塩分の摂り過ぎと高血圧は密接に関係していると一般的には考えられています。そのため塩分を控えめにすることは高血圧治療、予防、健康の基本だと思っている人もいると思います。しかし、高血圧の人の中には、塩分の摂り過ぎで血圧が上がり、塩分を減らすと血圧が下がる人(食塩感受性高血圧)と、塩分を増やしても減らしても血圧があまり変わらない人がいます。日本人の食塩感受性高血圧は20%とか40%とか様々な推測があります。
世界全体的に言えば、以前の記事「塩分を制限することによる血圧の低下は、たった1!」で書いたように、塩分制限をしてもほとんど血圧の変動はありません。
では、塩分に感受性のある食塩感受性高血圧は、本当に塩分過剰摂取が原因なのでしょうか?
今回の研究ではインスリン抵抗性との関係を分析しています。心血管系疾患、メタボリックシンドロームでは高血圧と高血糖が同時に合併していることも珍しくありません。血圧の塩分感受性は、血圧とは無関係に心血管イベントのリスク増加と関連していますし、また、インスリン抵抗性や高インスリン血症は、肥満または糖尿病とは無関係に、虚血性心疾患および死亡率と関連しています。
塩分感受性とインスリン抵抗性の関係はどうなっているのでしょうか?高血圧の人を塩分感受性のある人とない人のグループに分けて分析しました。(図は原文より)
上の図の白いバーは塩分に感受性のない群、黒いバーが塩分に感受性のある群です。縦軸はグルコースクランプ法というインスリン抵抗性を測定する方法でのグルコースの注入率です。注入率が低い方がインスリン抵抗性が高いことになります。そうすると、塩分感受性のある群の方が有意にインスリン抵抗性が高いことがわかります。
上の図は縦軸が塩分感受性指数で、5%以上は感受性ありとみなされます。横軸はグルコースクランプ法のグルコース注入率です。そうすると、塩分感受性指数はグルコース注入率に反比例していました。つまり、塩分感受性指数が低い方がインスリン抵抗性が低いことになります。
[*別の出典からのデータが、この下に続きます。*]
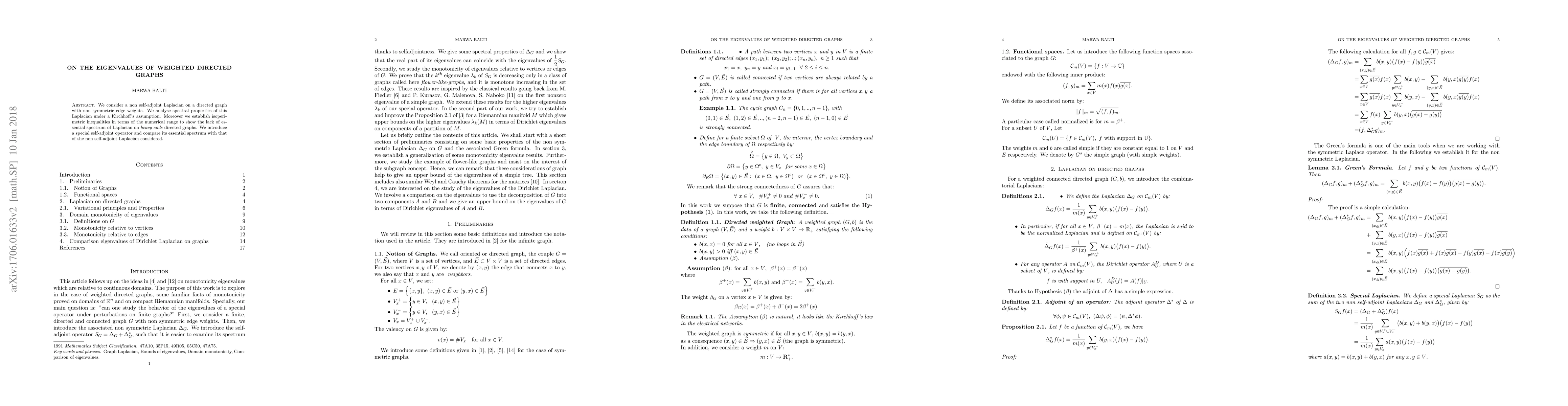 This paper explores the spectral properties of weighted directed graphs, focusing on monotonicity and eigenvalue comparisons. It introduces a self-adjoint operator derived from two non-self-adjoint Laplacians and examines how graph perturbations affect eigenvalues, leveraging matrix analysis techniques.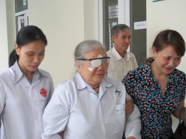 | Nhân viên Caritas hướng dẫn bệnh nhân sau mổ mắt |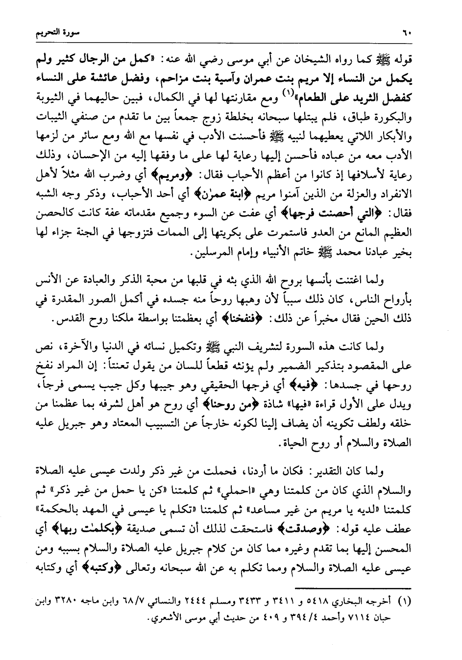 قوله ( صلى الله عليه وسلم ) كما رواه الشيخان عن أبي موسى رضي الله عنه : ( كمل من الرجال كثير ولم يكمل من النساء إلا مريم بنت عمران وآسية بنت مزاحم ، وفضل عائشة على النساء كفضل الثريد على الطعام ) ومع مقارنتها لها في الكمال ، فبين حاليهما في الثيوبة والبكورة طباق ، فلم يبتلها سبحانه بخلطة زوج جمعاً بين ما تقدم من صنفي الثيبات والأبكار اللاتي يعطيهما لنبيه ( صلى الله عليه وسلم ) فأحسنت الأدب في نفسها مع الله ومع سائر من لزمها الأدب معه من عباده فأحسن إليها رعاية لها على ما وفقها إليه من الإحسان ، وذلك رعاية لأسلافها إذ كانوا من أعظم الأباب فقال : ( ومريم ) أي وضرب الله مثلاً لأهل الانفراد والعزلة من الذين آمنوا مريم ) ابنة عمران ) أي أحد الأحباب ، وذكر وجه الشبه فقال : ( التي احصنت فرجها ) أي عفت عن السوء وجميع مقدماته عفة كانت كالحصن العظيم المانع من العدو فاستمرت على بكريتها إلى الممات فتزوجها في الجنة جزاء لها بخير عبادنا محمد ( صلى الله عليه وسلم ) خاتم الأنبياء وإمام المرسلين .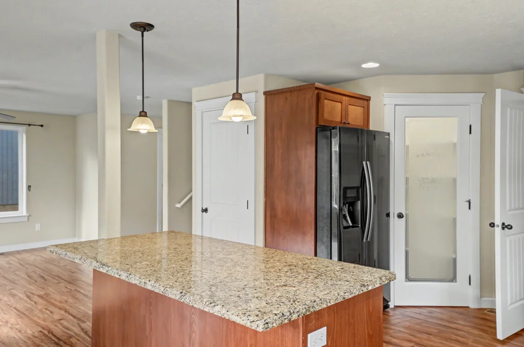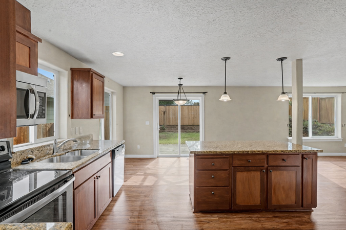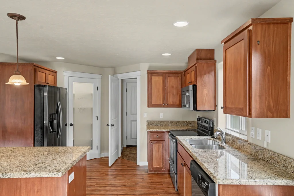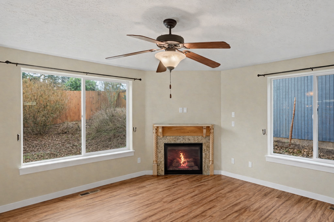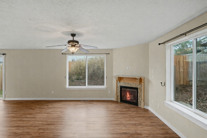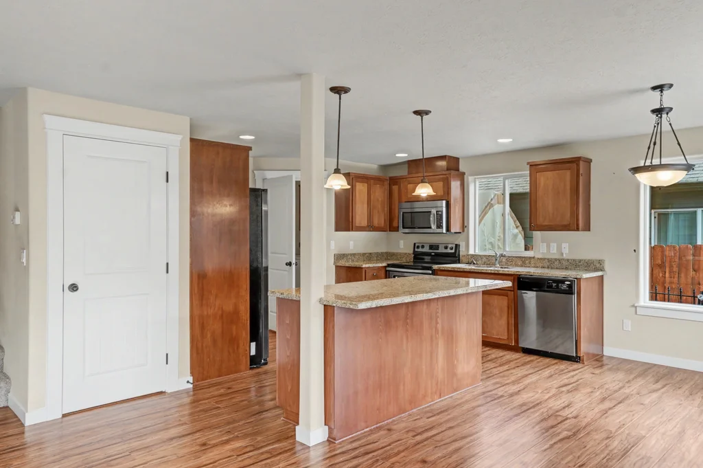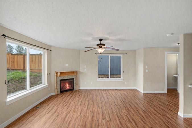 Well-designed 3 bedroom, 2.5 bathroom home with a 2-car garage and a functional layout. The kitchen features granite countertops, an island with eating bar, stainless steel appliances, and a pantry. Laminate flooring runs throughout the main level, complemented by a cozy gas fireplace in the living room. Upstairs includes 3 bedrooms, with a primary suite featuring vaulted ceilings and a large walk-in closet. An unfinished 18x17 bonus room is nearly complete but not included in the home’s square footage. All appliances, including the refrigerator, washer, and dryer, are included. Fenced backyard with underground sprinklers.

上の図はOGTT(経口ブドウ糖負荷試験)での、時間(横軸)とインスリン分泌量(縦軸)の関係を示しています。○が塩分感受性のない群で、●が塩分感受性のある群です。そうすると、明らかに塩分感受性のない群ではインスリン分泌量が少なく、しかも120分後にはベースラインに戻っています。しかし、塩分感受性のある群では感受性のない群よりも明らかにインスリン分泌量は多く、ピーク時間が遅れ、120分後でもまだベースラインに戻っていません。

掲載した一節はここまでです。